The magic has been only increased by the presence of the peach tree. We had known about the apple tree, had eaten one of the apples the day we decided to buy the house in the first place—in a symbolic final gesture (like Persephone, knowing that we wouldn’t be able to back out from the house sale once we’d eaten from its garden). The peaches have been a surprise this spring, though, coming as indistinguishable little berries on the tree before growing the shape and fuzz of a peach. We have found that they’re furrier and more fragrant than any peach we’ve ever had before, and we have learnt that Perry loves them, eating them happily outside and then proudly depositing the pit on the kitchen floor. I have long wanted a real lemon tree—with real lemons—but never even imagined a peach tree of my own (odd for someone who bought her first house in the “peach state”).

It turns out, though, that there is something especially magical about a peach, about the soft furry skin of it, the sweet but not cloying scent, the shy blush. Naomi and I peered under thick clumps of weedy grass, beneath the browning blooms of hydrangea bushes, on the paths and terraces around the tree. We admired the unblemished windfalls and we occasionally squealed in disgust as our fingers sunk into the hidden buggy or rotten underside of a seemingly-lovely peach. We came away with a large bucket full of not-quite ripe peaches, which sit in our laundry room waiting for the ripening when they can be made into fresh jam. Once they’re jammed, I’ll be able to taste the magic from my garden long into the cold and dark August winter. Some magic lives around you, and some you have to make yourself. Jam from my own peach tree contains both forms in one sweet mouthful.

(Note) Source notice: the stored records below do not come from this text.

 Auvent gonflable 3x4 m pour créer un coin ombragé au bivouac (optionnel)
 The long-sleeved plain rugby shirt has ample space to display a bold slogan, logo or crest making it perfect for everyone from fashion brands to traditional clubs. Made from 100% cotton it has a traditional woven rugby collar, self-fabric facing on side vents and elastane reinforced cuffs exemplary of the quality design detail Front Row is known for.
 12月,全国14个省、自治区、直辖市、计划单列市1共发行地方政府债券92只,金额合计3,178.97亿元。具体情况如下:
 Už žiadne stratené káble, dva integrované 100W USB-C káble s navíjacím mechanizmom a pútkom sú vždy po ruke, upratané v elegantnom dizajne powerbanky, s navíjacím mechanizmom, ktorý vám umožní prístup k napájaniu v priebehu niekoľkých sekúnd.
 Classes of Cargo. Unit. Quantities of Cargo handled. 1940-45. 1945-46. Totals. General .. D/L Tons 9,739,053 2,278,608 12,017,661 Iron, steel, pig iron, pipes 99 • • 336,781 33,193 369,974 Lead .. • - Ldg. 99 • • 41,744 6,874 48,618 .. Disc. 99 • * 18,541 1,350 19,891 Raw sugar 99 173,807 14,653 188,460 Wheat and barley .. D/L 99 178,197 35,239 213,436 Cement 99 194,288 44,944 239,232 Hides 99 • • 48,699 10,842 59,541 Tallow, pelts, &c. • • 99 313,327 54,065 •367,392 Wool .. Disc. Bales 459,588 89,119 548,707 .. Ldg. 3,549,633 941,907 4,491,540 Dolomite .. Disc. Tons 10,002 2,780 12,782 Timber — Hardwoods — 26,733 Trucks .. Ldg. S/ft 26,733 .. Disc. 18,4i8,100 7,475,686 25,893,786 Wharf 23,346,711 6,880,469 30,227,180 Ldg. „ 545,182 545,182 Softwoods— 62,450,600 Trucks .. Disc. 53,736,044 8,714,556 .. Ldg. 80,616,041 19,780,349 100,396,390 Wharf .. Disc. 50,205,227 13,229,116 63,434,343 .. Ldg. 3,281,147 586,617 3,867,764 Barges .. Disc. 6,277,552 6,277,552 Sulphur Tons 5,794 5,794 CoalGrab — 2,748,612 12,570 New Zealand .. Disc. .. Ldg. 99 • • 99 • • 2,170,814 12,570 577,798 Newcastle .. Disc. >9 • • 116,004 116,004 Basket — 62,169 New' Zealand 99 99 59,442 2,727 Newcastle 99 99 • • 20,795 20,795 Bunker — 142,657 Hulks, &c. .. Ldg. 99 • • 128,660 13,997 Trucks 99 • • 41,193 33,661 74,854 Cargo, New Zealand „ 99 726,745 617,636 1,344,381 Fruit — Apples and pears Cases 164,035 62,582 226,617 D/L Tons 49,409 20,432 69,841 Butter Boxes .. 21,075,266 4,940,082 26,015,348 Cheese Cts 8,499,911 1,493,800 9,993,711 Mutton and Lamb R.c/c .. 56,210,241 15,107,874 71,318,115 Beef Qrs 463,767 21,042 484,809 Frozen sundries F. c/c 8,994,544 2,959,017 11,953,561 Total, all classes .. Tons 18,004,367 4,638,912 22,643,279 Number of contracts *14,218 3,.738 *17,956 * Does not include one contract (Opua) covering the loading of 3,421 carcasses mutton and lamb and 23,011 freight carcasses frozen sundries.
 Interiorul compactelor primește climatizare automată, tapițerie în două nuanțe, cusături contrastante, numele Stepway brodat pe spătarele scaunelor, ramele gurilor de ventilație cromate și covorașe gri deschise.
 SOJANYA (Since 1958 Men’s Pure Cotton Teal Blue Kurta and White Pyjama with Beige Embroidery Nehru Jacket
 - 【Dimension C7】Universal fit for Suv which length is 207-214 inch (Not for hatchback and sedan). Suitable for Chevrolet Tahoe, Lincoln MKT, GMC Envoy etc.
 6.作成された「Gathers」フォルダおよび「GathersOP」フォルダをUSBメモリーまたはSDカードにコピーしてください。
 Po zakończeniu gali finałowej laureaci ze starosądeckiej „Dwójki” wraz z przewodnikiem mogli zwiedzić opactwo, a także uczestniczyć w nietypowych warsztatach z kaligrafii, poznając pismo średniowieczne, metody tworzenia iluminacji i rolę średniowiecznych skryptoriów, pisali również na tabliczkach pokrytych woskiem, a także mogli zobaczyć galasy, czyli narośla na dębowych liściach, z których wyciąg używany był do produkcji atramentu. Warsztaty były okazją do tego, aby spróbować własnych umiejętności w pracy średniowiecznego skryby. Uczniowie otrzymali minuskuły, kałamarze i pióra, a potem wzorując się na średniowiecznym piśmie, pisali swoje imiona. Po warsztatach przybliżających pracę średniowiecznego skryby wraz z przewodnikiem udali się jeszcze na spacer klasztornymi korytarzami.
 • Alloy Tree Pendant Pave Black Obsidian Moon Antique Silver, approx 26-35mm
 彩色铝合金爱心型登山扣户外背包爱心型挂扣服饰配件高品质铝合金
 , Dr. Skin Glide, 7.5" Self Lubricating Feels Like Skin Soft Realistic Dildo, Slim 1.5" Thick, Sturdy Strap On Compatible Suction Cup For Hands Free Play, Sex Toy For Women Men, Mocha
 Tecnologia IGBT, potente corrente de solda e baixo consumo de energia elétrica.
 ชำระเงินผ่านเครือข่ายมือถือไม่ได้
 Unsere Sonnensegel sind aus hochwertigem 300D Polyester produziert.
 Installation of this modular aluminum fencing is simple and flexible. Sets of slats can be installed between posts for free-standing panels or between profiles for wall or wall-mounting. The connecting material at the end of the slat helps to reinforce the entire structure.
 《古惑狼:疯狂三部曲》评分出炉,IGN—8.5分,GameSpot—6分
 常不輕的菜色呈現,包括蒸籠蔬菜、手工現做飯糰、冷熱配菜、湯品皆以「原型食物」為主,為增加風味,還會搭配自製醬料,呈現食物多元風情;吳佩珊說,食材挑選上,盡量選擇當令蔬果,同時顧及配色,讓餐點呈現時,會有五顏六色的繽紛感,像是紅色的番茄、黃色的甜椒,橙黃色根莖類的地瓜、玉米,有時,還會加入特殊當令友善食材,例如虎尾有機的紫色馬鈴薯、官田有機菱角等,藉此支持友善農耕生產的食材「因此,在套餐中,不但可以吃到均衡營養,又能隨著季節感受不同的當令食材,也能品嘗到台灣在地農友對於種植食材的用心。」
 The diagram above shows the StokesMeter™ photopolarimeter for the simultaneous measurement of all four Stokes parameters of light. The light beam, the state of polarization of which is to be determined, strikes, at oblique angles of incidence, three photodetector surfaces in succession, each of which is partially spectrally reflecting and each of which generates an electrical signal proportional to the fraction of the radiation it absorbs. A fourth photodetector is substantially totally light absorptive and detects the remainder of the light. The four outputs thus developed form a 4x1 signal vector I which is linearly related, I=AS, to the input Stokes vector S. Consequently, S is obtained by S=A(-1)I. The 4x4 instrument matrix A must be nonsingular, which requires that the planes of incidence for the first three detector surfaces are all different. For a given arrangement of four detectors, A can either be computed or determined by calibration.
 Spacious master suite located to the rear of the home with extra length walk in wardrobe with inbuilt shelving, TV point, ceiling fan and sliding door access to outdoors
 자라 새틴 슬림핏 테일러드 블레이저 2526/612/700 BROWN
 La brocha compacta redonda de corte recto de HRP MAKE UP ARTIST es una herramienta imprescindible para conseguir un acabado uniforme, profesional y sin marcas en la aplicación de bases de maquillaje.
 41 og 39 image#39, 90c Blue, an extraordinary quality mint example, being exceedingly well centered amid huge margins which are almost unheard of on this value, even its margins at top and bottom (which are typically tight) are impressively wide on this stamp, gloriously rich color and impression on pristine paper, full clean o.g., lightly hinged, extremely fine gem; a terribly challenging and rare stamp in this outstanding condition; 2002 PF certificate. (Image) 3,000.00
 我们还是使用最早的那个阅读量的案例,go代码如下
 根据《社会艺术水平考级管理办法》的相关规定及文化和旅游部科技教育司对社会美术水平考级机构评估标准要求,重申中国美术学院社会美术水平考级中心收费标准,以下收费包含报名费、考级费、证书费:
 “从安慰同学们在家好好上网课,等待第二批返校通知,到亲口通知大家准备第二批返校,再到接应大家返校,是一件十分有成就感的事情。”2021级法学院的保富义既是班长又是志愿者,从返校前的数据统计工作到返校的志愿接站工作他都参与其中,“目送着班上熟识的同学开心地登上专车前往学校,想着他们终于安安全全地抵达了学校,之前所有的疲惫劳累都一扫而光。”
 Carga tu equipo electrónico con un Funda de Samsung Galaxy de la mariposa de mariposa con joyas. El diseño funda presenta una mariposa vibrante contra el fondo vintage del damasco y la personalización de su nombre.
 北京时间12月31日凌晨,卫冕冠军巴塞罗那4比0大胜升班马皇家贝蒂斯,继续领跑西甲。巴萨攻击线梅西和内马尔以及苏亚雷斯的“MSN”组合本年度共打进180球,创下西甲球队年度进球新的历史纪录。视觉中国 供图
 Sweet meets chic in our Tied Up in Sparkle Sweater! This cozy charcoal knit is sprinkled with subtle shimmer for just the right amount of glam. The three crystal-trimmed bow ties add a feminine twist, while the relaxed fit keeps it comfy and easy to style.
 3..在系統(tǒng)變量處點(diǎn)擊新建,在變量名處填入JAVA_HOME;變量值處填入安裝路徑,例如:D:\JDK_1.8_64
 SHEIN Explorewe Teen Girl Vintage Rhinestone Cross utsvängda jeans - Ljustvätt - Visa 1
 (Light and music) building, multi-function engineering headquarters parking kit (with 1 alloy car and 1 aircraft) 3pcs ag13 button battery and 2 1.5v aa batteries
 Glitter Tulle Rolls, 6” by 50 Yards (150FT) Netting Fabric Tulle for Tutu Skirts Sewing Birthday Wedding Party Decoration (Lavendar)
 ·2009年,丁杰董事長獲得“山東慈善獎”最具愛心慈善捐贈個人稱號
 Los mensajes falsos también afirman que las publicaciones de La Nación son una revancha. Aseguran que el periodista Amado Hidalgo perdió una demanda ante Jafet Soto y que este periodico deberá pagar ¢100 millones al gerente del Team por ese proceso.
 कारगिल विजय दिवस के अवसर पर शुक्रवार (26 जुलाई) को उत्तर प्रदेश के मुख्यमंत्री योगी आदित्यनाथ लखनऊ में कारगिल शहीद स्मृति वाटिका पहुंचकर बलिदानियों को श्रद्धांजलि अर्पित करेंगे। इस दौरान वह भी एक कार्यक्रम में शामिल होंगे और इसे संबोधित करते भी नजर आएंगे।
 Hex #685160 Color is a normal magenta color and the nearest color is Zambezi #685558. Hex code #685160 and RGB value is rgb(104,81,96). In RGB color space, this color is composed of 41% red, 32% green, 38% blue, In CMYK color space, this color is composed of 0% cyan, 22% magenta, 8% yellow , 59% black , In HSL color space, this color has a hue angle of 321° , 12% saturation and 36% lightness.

(pictures from today are the kids on Easter morning (that's a good story too) and the kids rowing their log boat on Easter afternoon)

19 March 2008

Fork in the road





I have had last Sunday planned for weeks. It was the only weekend day Mike Garvey would be with us, the only real day we’d have for the whole family to spend with him. He wanted something like a rain forest, and so I picked the most wonderful one we have nearby: the stunning Kapiti island, the biggest presence on our horizon, whose shape in the distance orients me and helps me know I’m home. In addition to being magnificent to look at, Kapiti is a DoC reserve, covered with native birds—some of which are so rare that they are only found on a handful of little island reserves around the country. This idea thrilled Jim, who is quite a birder, and all the Coughlin-Harrises. So we were all off—the five in my household, cousin Mike, and the 5 Coughlin-Harrises. Or so we thought.

After a perfect Saturday, Sunday dawned slightly grey, but with lovely still silver seas. I got up and began to make sandwiches while the rest of the house slept. At 7am, Carolyn rang, her always-cheerful voice dimmed: a southerly was coming and the boat captains had decided to cancel the trip to Kapiti. Our weeks of forethought—permits, boat reservations—were all for naught. Torn hair, gnashing of teeth, and a couple of hours of the kind of delays that only a group of eleven (with five people 10 and under) can manufacture, and we were on our way to a newly-developed Plan B. Since the bad weather was coming from the south and west, we’d go north and east to Otaki Forks. Keith had wanted to go there on his birthday well over a year ago, but we had been prevented by slips from the hills covering the road; I had been curious ever since.

I hadn’t ever imagined how good it would be, though. After 30 minutes on the state highway (=two-lane road) and 20 minutes on a back road (=sometimes not quite 1.5 lanes, sometimes paved), we pulled into a hidden paradise: kelly green lawn next to clear blue river surrounded by mountains. Mike smiled broadly. Now THIS is what I wanted! he said. We picked a 1.5 hour loop track and set off, our sandwiches and water in our backpacks, the sun high in the blue sky.

The 11 of us walked over swing bridges, up forested hills, across plateaus covered with high grasses. We ate our peanut butter and jelly sandwiches under the shade of native trees and tree ferns. We talked about life, the universe and everything, as you do on a walk, alternately admiring and feeling irritated by the children (who were alternately having fun and whining). We peered over cliff faces at the river in the gorge far below. Mike opened his arms wide at one crossing, the mountains layered into the distance, the fields golden below, the river carving a path through white rock. “This is EXACTLY what I thought it would look like in New Zealand!” he told me with delight. “This is perfect!”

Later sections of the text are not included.